Un día Venus y Mercurio se miraron intensamente. Y en
ese instante descubrieron que se amaban y que nada podría impedir su unión. Tan
fuerte fue la atracción que sintieron como poco duradero su encuentro. Apenas
el tiempo necesario para concebir a un nuevo descendiente del Olimpo, a quienes
sus padres llamaron Hermafrodito, fundiendo así en uno sólo sus nombres
griegos: Hermes, de Mercurio, y Afrodita, de Venus.
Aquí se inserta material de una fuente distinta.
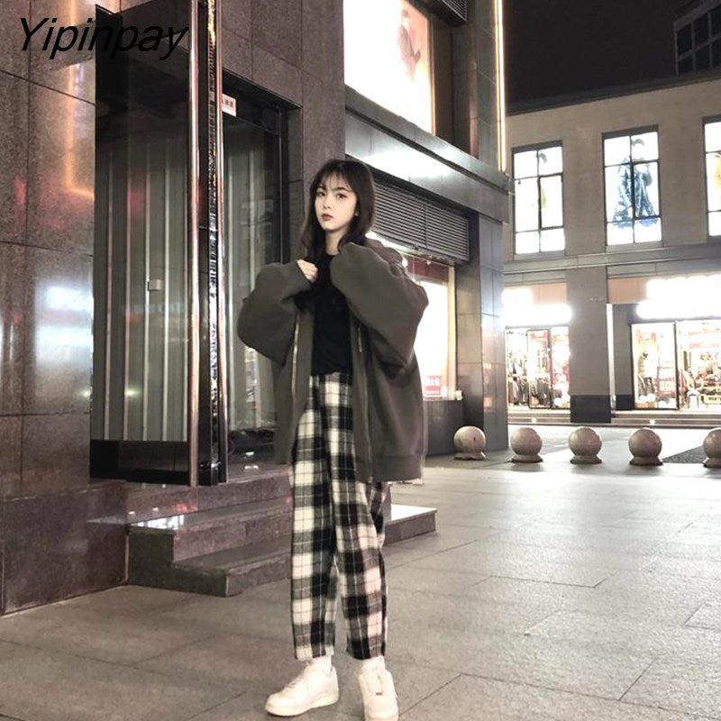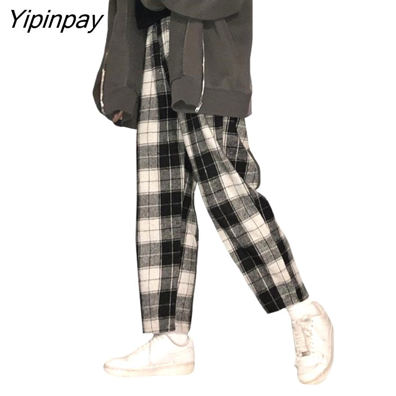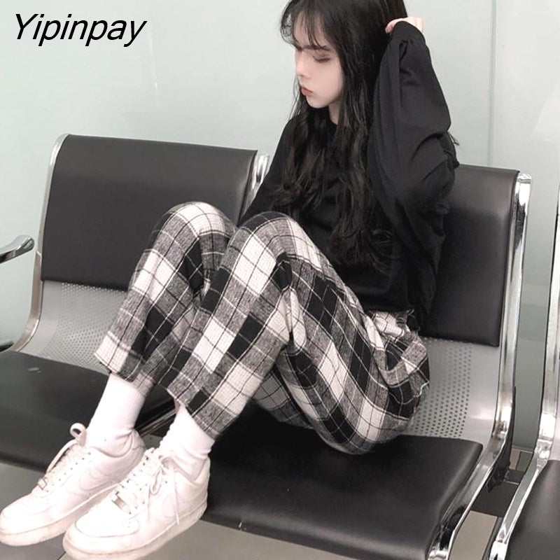 Yipinpay Harajuku Plaid Pants For Women Trousers 2023 Streetwear Woman Harem Pants Autumn Ladies Causal Pants Size

Terminada la breve aventura, la diosa comenzó a sentirse acusada de otro adulterio. Y viendo en el hijo un testimonio vivo y constante de su traición, pues, al cuidado de las ninfas del monte Ida, para que lo criaran y educaran.
Al cumplir los quince años, Hermafrodito abandono a sus niñeras y se dispuso a recorrer las tierras griegas. Era tan bello como su divina madre, aunque no había heredado de ella el ardor amoroso. Ante los encantos femeninos y las perspectivas de aventuras, tímidamente bajaba los ojos y se retiraba.
Pero un día no consiguió huir. Andaba por una soleada región cuando el calor excesivo lo hizo buscar un lago para refrescarse. Ignorante de la trampa que lo esperaba, el hijo de Mercurio y Venus se desnudó y se zambulló en las límpidas aguas.
La ninfa Salmacis, espíritu de aquel lago, paseaba por las cercanías y no tardó en ver al joven. La visión del hermoso cuerpo despertó en ella la más intensa pasión. Se desnudó también y se deslizó ágil y graciosamente en las aguas cálidas. Hizo todo lo posible por conquistar al joven, pero este se resistía. Desesperadamente, la ninfa lo enlazó fuertemente y suplicó a los dioses que nunca más lo sacaran de sus brazos, diciendo: “¡Te debates en vano, hombre cruel! ¡Dioses! Haced que nada pueda jamás separarlo de mí ni separarme de él”.
Los divinos inmortales atendieron a sus pedidos y los dos cuerpos quedaron, desde entonces, reunidos en un único ser.